Clients that use persistent connections SHOULD limit the number of simultaneous connections that they maintain to a given server. A single-user client SHOULD NOT maintain more than 2 connections with any server or proxy. A proxy SHOULD use up to 2*N connections to another server or proxy, where N is the number of simultaneously active users. These guidelines are intended to improve HTTP response times and avoid congestion.

The figure summarizes the number of restrictions imposed by different browsers.
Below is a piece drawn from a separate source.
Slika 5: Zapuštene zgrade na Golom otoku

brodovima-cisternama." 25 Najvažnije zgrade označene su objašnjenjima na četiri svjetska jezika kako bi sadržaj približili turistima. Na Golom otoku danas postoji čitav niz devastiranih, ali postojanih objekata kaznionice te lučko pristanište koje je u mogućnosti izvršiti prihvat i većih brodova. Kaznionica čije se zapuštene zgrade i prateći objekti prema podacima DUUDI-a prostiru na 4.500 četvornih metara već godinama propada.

In depth interpretation of HTTP's past and present lives

This is why some sites have multiple static resourcesCDNOne of the reasons for domain names is to takeTwitterFor example,, the purpose is to solve the problem of browser request restriction blocking for the same domain name in a disguised form. andHTTP/2 Multiplexing of(Multiplexing)It is allowed to pass through a single at the same timeHTTP/2The connection initiates multiple request response messages.

In depth interpretation of HTTP's past and present lives

thereforeHTTP/2 It is easy to implement multi stream parallelism without relying on the establishment of multiple streamsTCP connect,HTTP/2holdHTTPThe basic unit of protocol communication is reduced to frames one by one, which correspond to messages in the logical flow. In parallel on the sameTCPTwo way message exchange on the connection.

Binary framing

Without changeHTTP/1.xSemantics, methods, status codesURIAnd the header field,HTTP/2How to achieve “breakthrough”HTTP1.1Performance constraints, improve transmission performance and achieve “low latency and high throughput”?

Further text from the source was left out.